A Failed Attempt to Improve Misperceived Greatness: The ENHANCE Trial

While it seems that pharmaceutical company sponsors of clinical trials usually end up with results that clearly favor their meds studied in their trial, there are rare exceptions, and Merck and Schering proved that with their disappointing ENHANCE Trial, which many have heard about through the media not long ago. The drugs studied were Vytorin, which was compared with Zocor
Vytorin is a combination med for high cholesterol and contains Merck’s Zocor, which is now generic, and Schering’s Zetia, which works differently than Zocor, which is one of many statin drugs. Both Vytorin and Zetia are co-promoted by Merck and Schering. So, several years ago, an outcomes study was initiated to prove superiority of Vytorin over Zocor. The trial was named the ENHANCE trial, and possibly this trial was initiated because Zocor is generic now, and not a priority from a profit paradigm of its creator.
After several years passed, a disappointment arrived for the sponsors of this trial, which was first brought to the attention of Schering in March of 2007, yet the results existed since the spring of 2006, I believe upon information and belief.

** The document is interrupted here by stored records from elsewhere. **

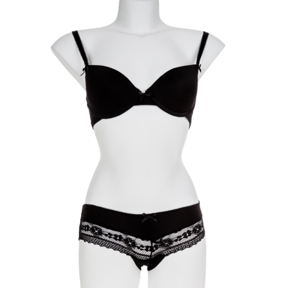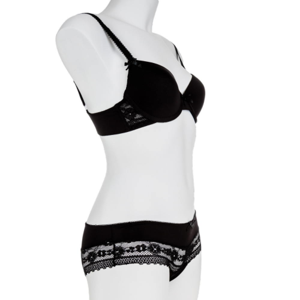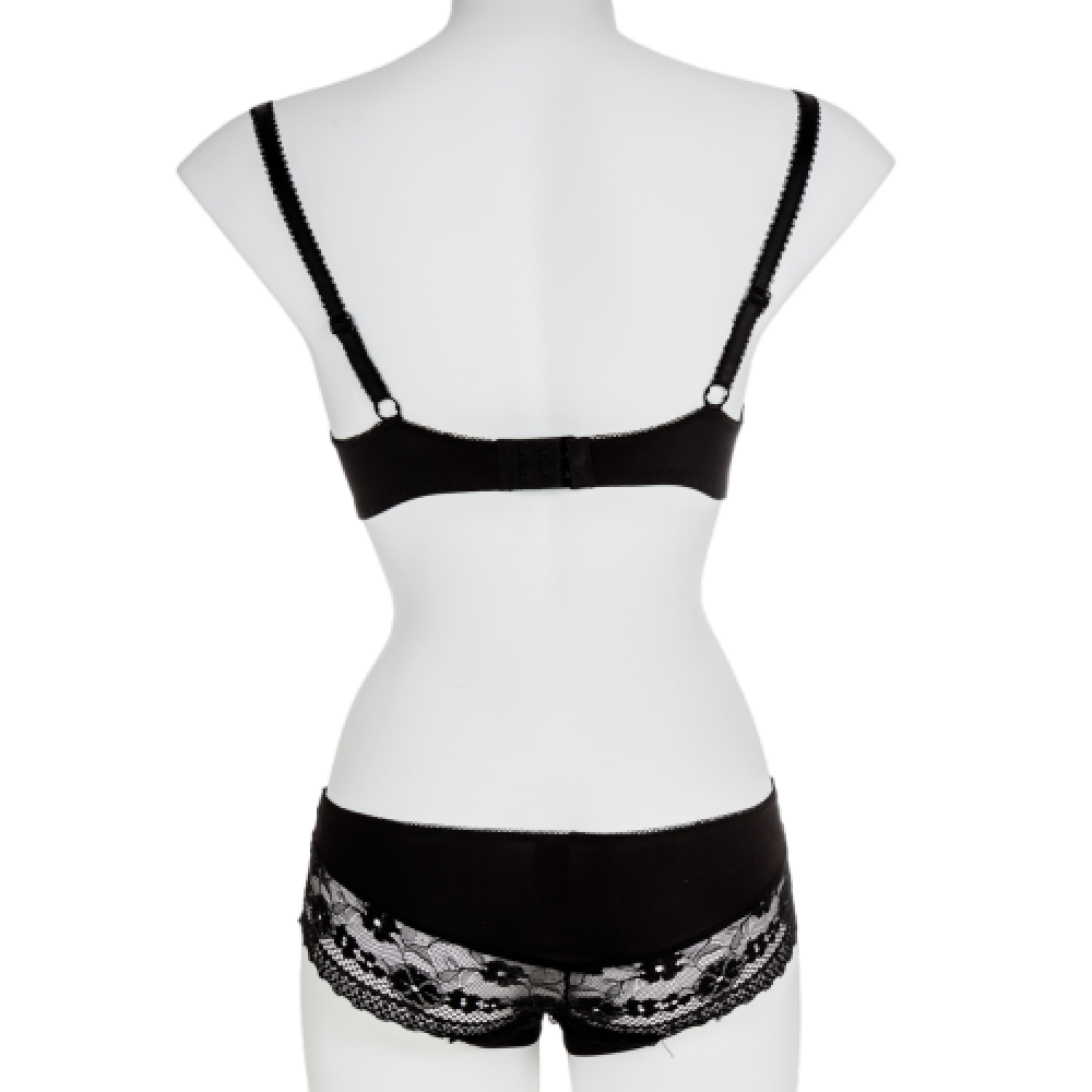 مواصفات طقم برا وبانتي مزيّن بدانتيل باللون الأسود: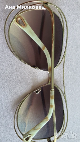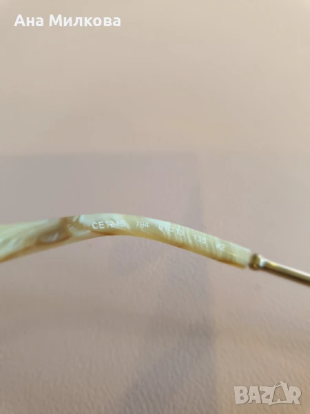 Продавам изключително стилни и елегантни слънчеви очила Chloé, модел CE 134S 794. Тези дизайнерски очила се отличават със своята уникална златиста метална рамка и красиви дръжки с мраморен ефект в бежово-кафяви нюанси.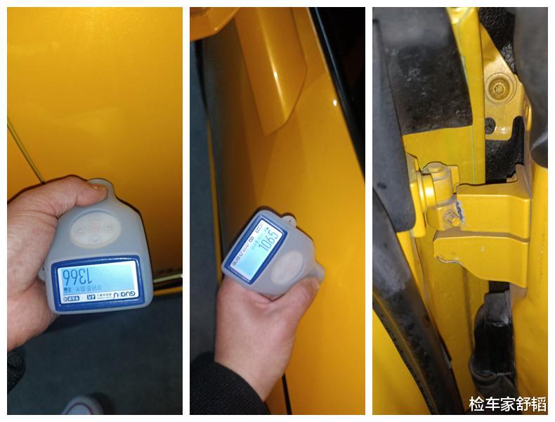 不过车身左侧证实有刮蹭事故,车门钣金,腻子厚度1000多μm,车门螺丝拆装,螺丝支架磕碰掉漆!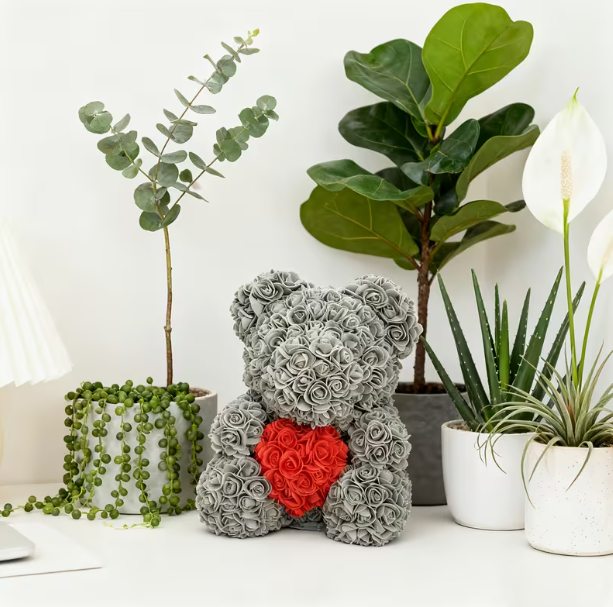 Ursulețul este realizat manual din trandafiri artificiali care își păstrează forma și culoarea, oferind un efect decorativ de lungă durată. Este alegerea ideală pentru oricine își dorește un cadou cu valoare durabilă și o simbolistică puternică a emoțiilor 🌹.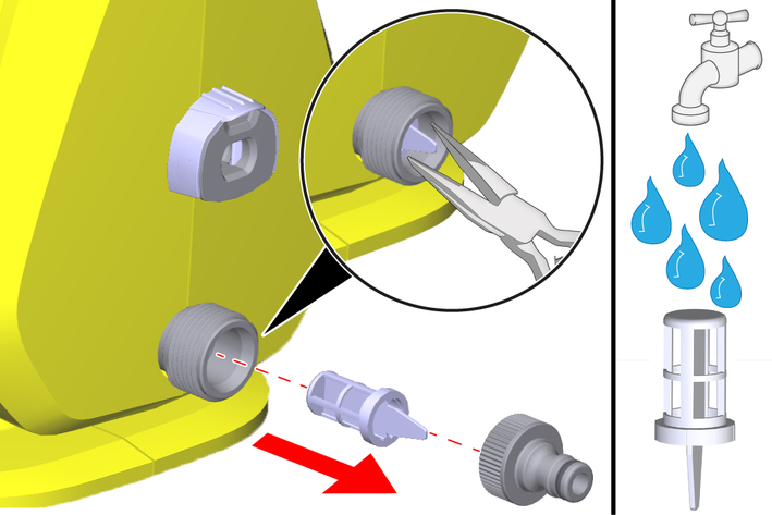 Check the sieve for damage before inserting it into the water connection. Replace a damaged sieve immediately.Do not operate the device without a sieve.Clean the sieve in the water connection if necessary.
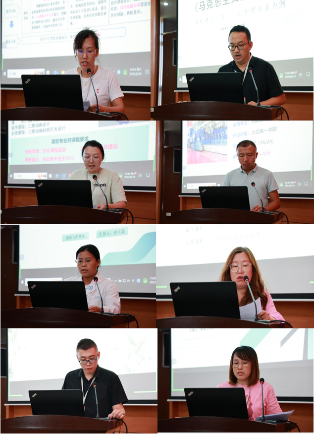 本学期教师开课资格审查活动中,通过现场双抽的方式,从136位教师中随机抽签选定8位进行汇报。教师们以专业学年教学目标为引领,以落实专业对门课建设要求为主线,系统阐述该门课程的基本思路和主要目标任务。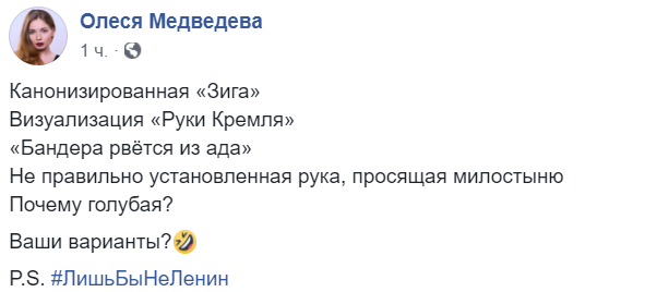 Вместо памятника Ленину в центре Киева установили...руку. Кто-то называет ее "рукой Кремля", но я бы этот архитектурный сюр называл бы "на х*й - это туда!", - иронизирует блогер Денис Гороховский.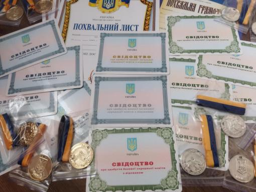 - 349 свідоцтв про здобуття повної загальної середньої освіти, з них 11 – для осіб, нагороджених срібною медаллю «За досягнення у навчанні» та 25 – для осіб, нагороджених золотою медаллю «За високі досягнення у навчанні».
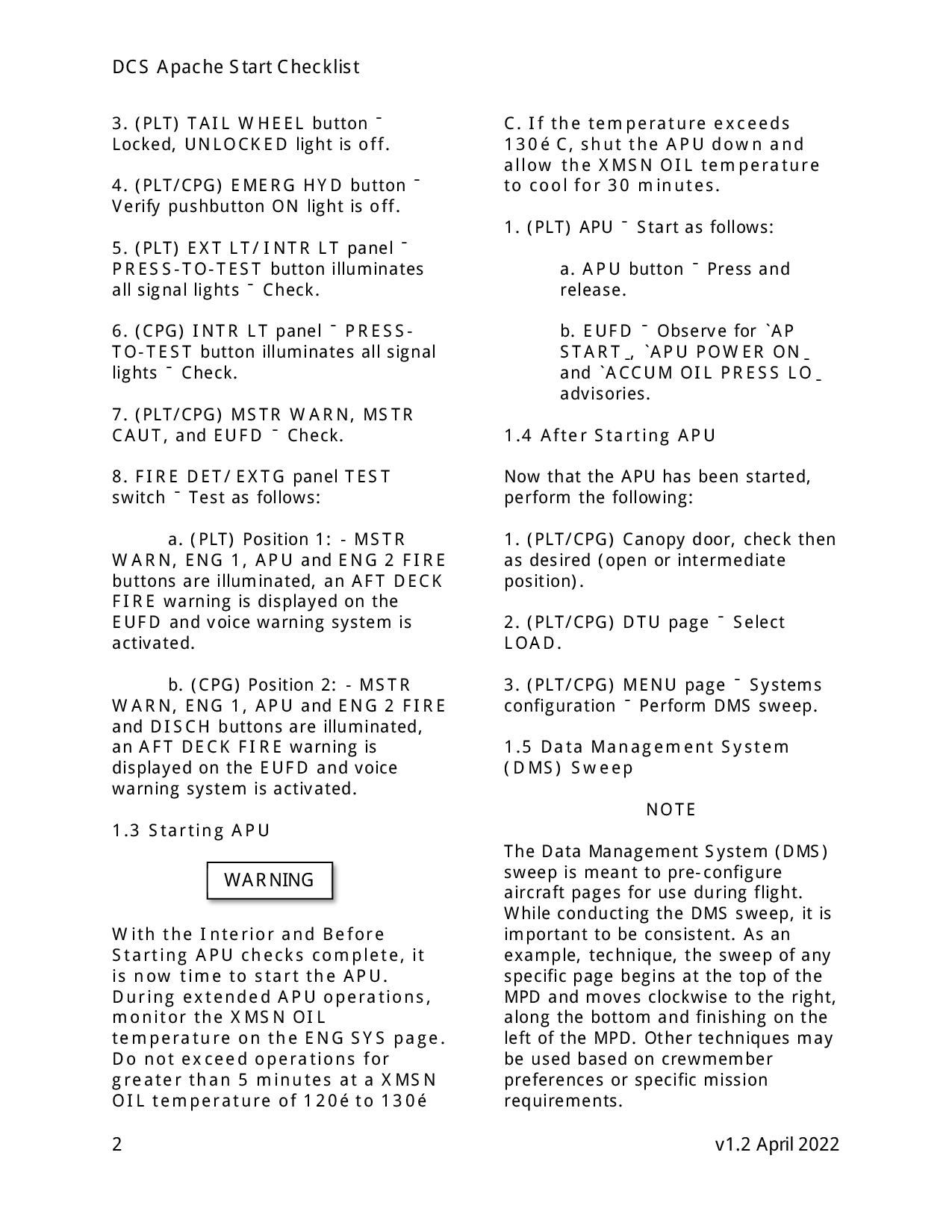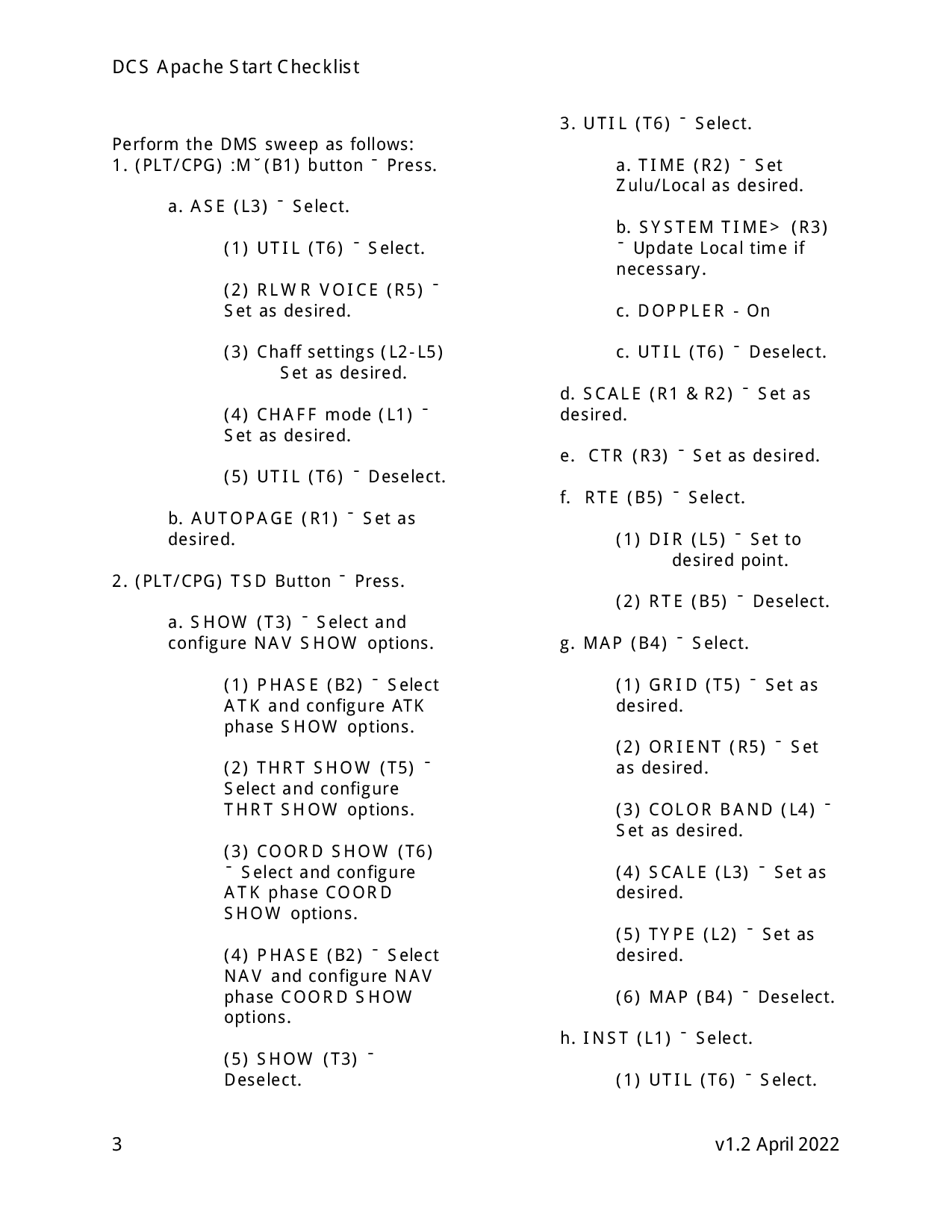 PDF Start-up checklists (long and quick start versions) with abbreviated location information for each step. Great for beginners and people who like to fly multiple airframes and need a quick reference. Sequence based primarily on Chuck's Guides. Look for other module checklists (F-16, F/A-18, P-51D and more being added)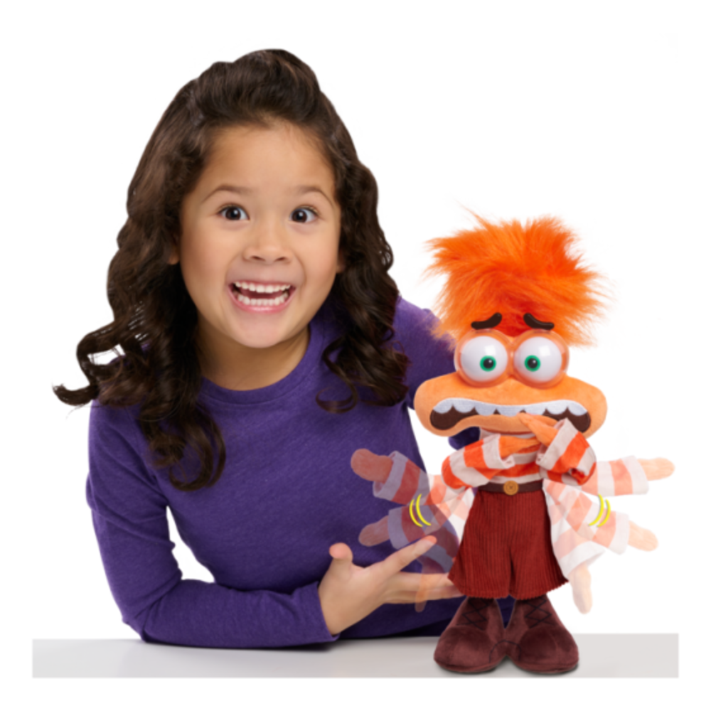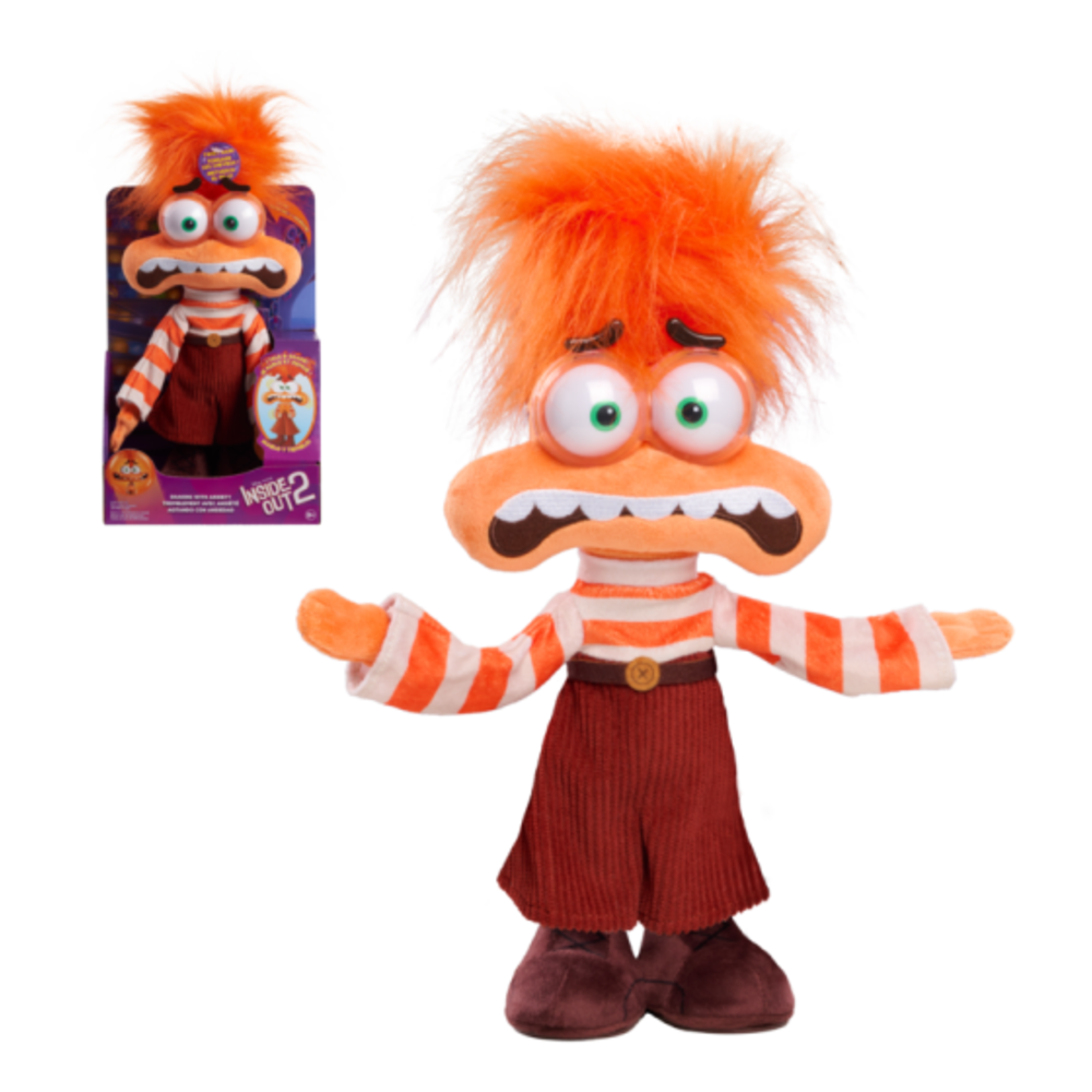 Help little ones explore emotions with the Disney and Pixar Inside Out 2 Shaking with Anxiety Feature Plush. Inspired by the hit sequel, this soft and interactive plush brings the character Anxiety to life with shaking movements, phrases, and expressive details. Kids can twist her tuft of red hair to activate fun shaking action while she speaks memorable lines like, “Are they talking about us?!” Perfect for imaginative play, emotional learning, or snuggly comfort, Anxiety is a unique plush companion that encourages conversations about feelings.
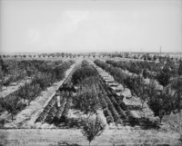 508 "On C. Harder's Five Acre Tract;" Two women and two men working in the row crops between fruit trees.
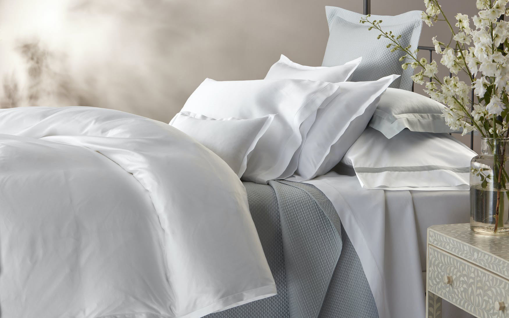 A delicate, small-scale quilted design adds sumptuous texture to our popular Nocturne sateen bedding. A fresh, modern take on a classic look, Alba adds subtle polish and character to any and all Matouk bedding.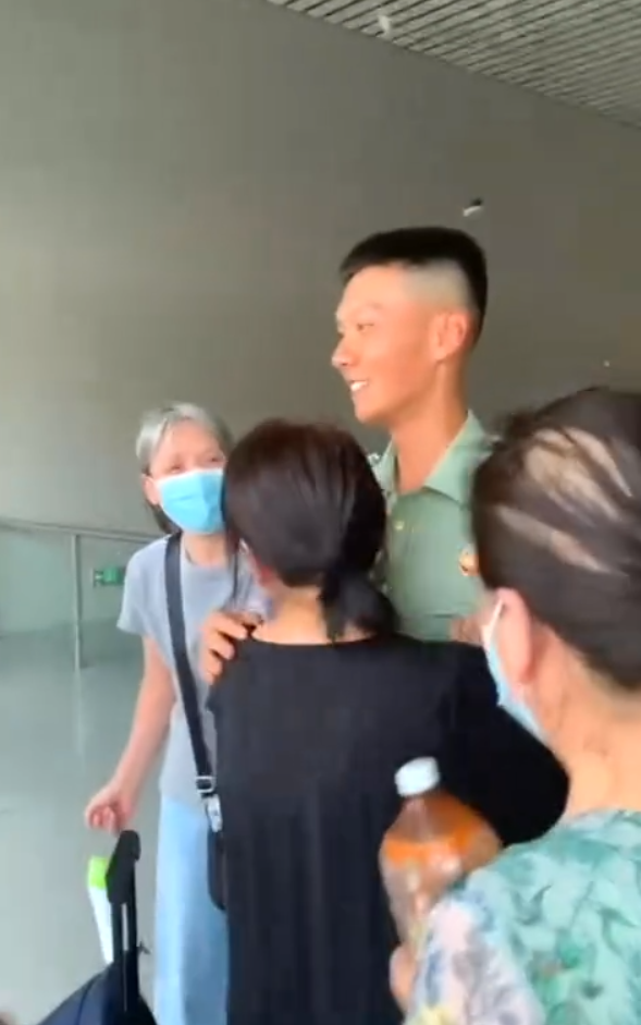 见到家人后,小伙先是微笑敬礼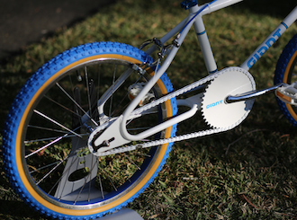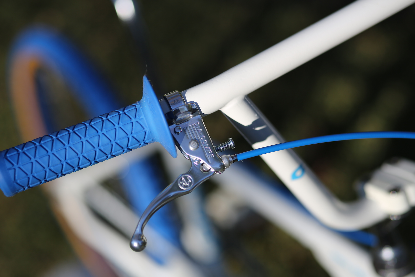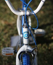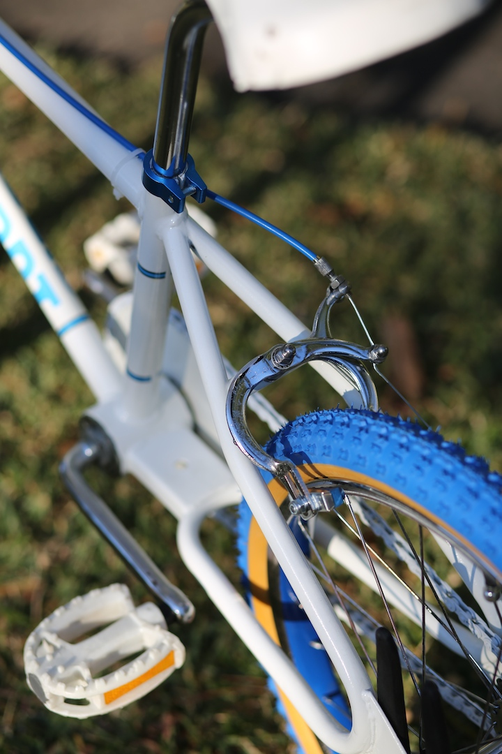 New parts were purchased and added to the build: Kenda Comp 3 20×1.75 tyres, Ame Grips, Dia Compe brake levers, seat post clamp and blue brake cables and pads as well as a new white chain. The addition of all these new components pushed my build costs to $117, just over my initial budget.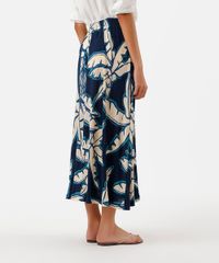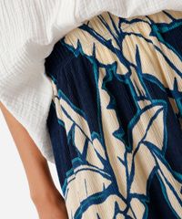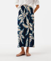 Saia midi feminina confeccionada em tecido plissado com estampa de folhagens. A peça tem modelagem evasê com caimento solto ao corpo. O modelo tem cintura alta, cós com elástico embutido e acabamento pespontado na barra.

The disappointment is that Vytorin lacked anticipated benefit or superiority over Zocor. Since about 1 million scripts were written for both Vytorin and Zetia every week in 2007, combined with what I believe was about 5 billion in revenue for these two drugs that year, this was a problem for the drug makers, meaning a fear of shareholder reaction. Perhaps for Schering in particular, it was more of a calamity, since over half of their profits and earnings were from these two drugs with Schering, I understand.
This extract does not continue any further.